#### [Exercise requirements]
For the entries below, the expected answer is the line with "3、在笔记编辑页面,输入笔记内容,确认内容无误后,点击右上角【保存】。", the line with "Wir entdeckten weitere", and every line between them, exactly as written, and nothing more.

#### [Data records]

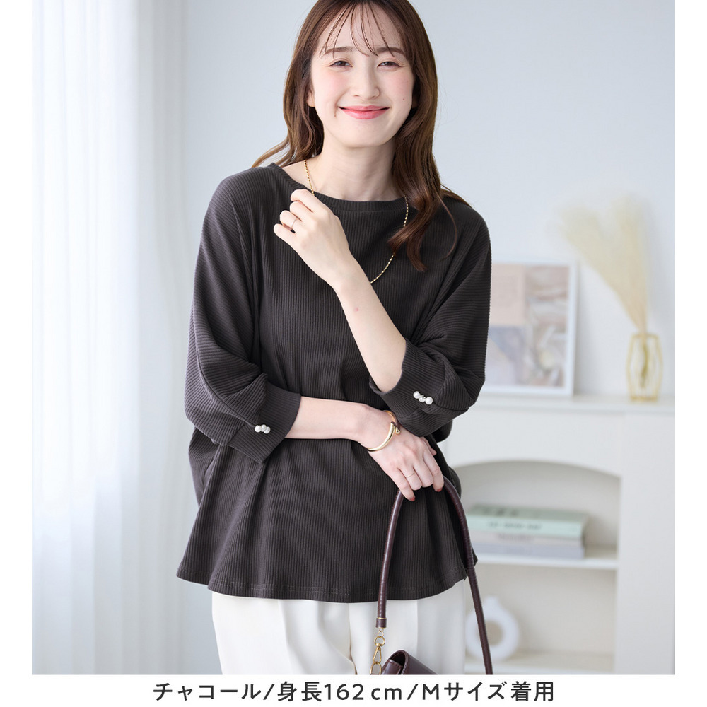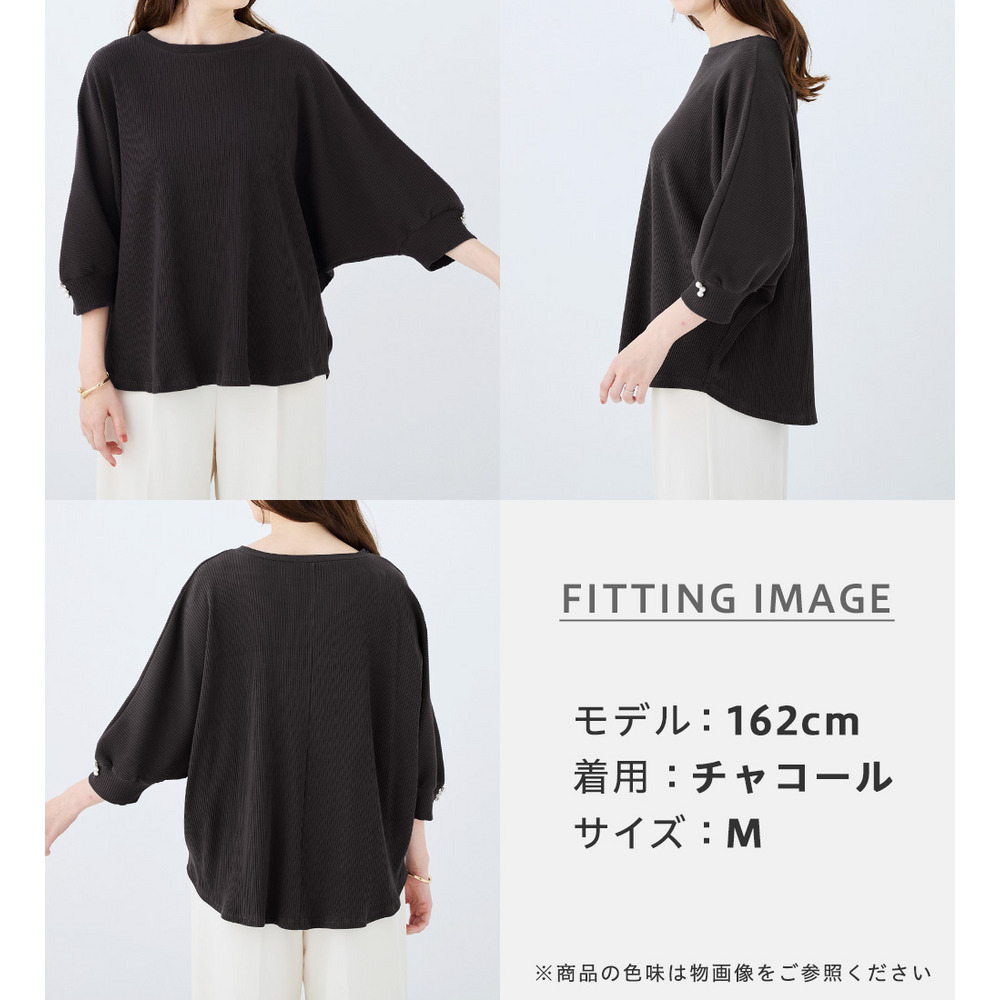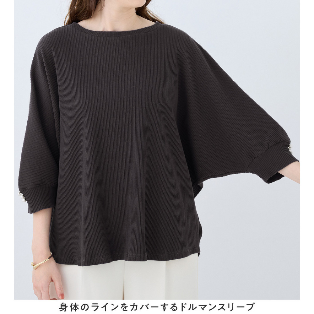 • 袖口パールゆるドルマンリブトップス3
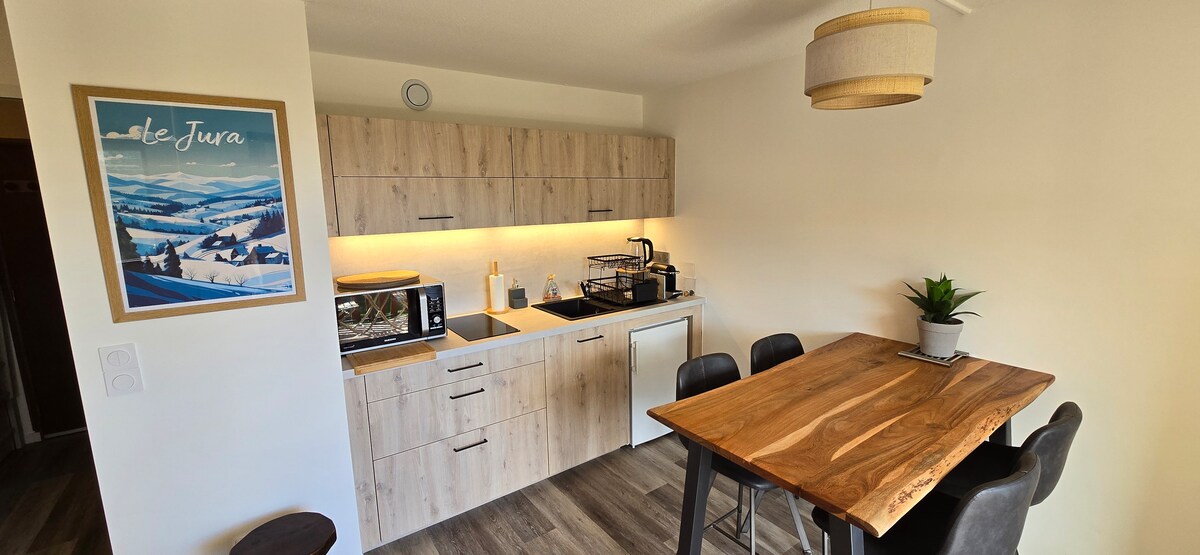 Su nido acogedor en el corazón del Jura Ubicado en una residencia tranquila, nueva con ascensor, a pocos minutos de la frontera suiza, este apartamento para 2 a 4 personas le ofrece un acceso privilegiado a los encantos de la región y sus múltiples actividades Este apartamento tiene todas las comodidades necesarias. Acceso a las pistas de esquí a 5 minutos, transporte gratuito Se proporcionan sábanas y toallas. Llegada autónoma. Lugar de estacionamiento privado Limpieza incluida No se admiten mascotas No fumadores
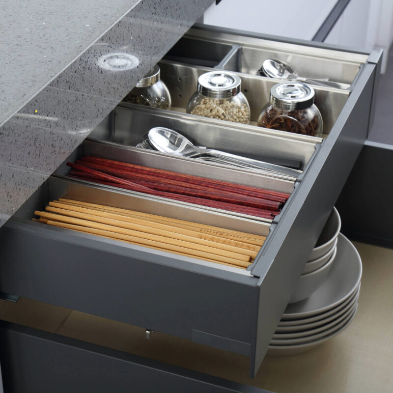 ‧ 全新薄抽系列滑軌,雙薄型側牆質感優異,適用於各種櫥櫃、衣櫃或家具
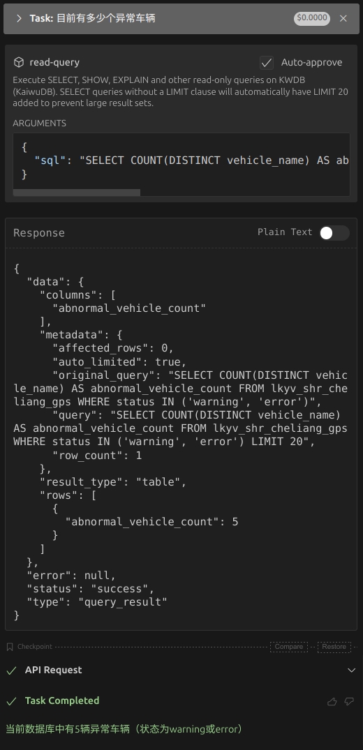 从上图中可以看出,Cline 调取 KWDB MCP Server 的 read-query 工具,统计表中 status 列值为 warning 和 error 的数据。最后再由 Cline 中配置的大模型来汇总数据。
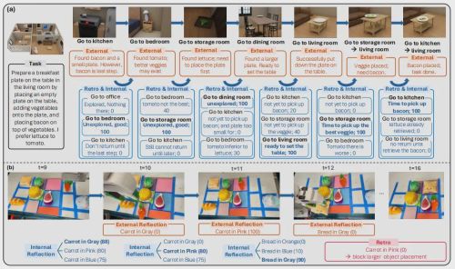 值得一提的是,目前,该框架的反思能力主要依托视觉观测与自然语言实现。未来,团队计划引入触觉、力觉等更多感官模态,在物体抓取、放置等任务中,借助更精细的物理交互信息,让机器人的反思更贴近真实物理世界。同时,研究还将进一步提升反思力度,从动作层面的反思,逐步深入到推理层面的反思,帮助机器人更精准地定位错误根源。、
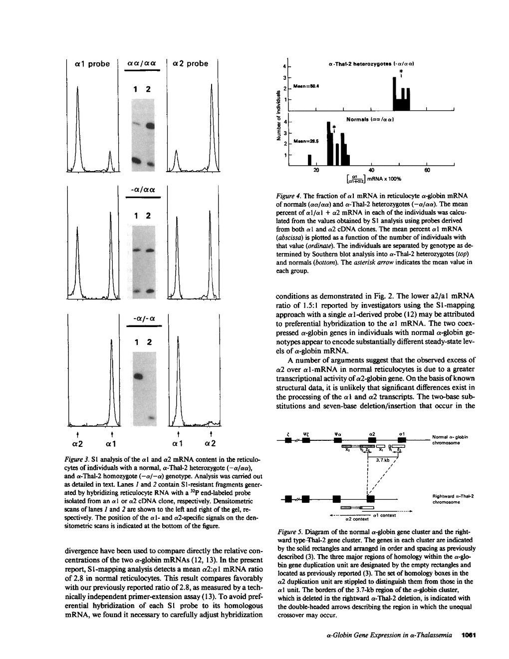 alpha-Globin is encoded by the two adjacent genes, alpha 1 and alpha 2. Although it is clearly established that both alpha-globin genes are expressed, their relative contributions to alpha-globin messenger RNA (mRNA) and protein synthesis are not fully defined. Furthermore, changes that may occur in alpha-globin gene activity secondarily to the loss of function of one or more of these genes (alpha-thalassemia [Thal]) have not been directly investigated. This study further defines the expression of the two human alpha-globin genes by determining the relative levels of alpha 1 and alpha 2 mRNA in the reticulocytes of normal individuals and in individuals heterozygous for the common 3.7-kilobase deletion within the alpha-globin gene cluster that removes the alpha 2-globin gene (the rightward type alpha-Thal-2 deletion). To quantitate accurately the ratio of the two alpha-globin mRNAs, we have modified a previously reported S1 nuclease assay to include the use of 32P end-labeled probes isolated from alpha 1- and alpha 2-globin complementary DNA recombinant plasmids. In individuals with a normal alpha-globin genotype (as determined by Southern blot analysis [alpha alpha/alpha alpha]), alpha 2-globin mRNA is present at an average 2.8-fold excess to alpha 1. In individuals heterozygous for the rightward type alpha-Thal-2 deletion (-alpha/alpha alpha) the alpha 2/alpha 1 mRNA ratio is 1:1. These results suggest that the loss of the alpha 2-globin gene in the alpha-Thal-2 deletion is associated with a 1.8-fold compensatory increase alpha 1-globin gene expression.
...
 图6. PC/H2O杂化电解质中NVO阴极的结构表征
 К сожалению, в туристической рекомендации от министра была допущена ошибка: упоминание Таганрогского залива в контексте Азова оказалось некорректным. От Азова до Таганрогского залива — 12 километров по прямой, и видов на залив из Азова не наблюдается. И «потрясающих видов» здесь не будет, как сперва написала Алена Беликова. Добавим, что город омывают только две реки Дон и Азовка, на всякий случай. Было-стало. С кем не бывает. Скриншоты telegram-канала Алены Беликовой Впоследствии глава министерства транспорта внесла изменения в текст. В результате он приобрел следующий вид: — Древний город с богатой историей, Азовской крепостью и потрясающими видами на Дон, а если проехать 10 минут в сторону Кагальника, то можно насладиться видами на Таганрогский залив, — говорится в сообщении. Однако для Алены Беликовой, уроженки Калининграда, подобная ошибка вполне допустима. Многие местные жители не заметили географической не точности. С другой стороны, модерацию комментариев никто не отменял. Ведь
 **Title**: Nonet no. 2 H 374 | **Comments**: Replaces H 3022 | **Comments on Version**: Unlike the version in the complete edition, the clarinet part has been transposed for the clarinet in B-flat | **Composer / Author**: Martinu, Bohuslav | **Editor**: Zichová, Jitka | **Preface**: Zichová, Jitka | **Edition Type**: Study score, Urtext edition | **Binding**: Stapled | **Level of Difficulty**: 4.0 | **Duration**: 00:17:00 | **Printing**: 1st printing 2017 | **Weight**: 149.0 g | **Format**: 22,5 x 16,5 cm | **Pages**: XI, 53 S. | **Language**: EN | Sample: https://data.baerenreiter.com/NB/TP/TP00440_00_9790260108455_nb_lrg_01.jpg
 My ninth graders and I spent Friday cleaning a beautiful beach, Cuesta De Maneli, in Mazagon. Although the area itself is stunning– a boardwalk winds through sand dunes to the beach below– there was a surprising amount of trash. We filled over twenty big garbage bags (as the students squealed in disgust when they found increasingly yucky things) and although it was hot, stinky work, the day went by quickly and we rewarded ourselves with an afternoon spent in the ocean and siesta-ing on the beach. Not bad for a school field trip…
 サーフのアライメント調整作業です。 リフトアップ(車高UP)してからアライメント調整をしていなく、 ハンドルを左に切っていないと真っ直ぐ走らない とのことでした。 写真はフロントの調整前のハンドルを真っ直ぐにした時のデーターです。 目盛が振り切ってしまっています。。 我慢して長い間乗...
==
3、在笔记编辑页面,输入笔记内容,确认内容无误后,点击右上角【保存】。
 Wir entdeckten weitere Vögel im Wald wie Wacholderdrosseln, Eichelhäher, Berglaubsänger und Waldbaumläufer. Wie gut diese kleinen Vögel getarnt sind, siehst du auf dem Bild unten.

#### [Written response]
3、在笔记编辑页面,输入笔记内容,确认内容无误后,点击右上角【保存】。
 Wir entdeckten weitere Vögel im Wald wie Wacholderdrosseln, Eichelhäher, Berglaubsänger und Waldbaumläufer. Wie gut diese kleinen Vögel getarnt sind, siehst du auf dem Bild unten.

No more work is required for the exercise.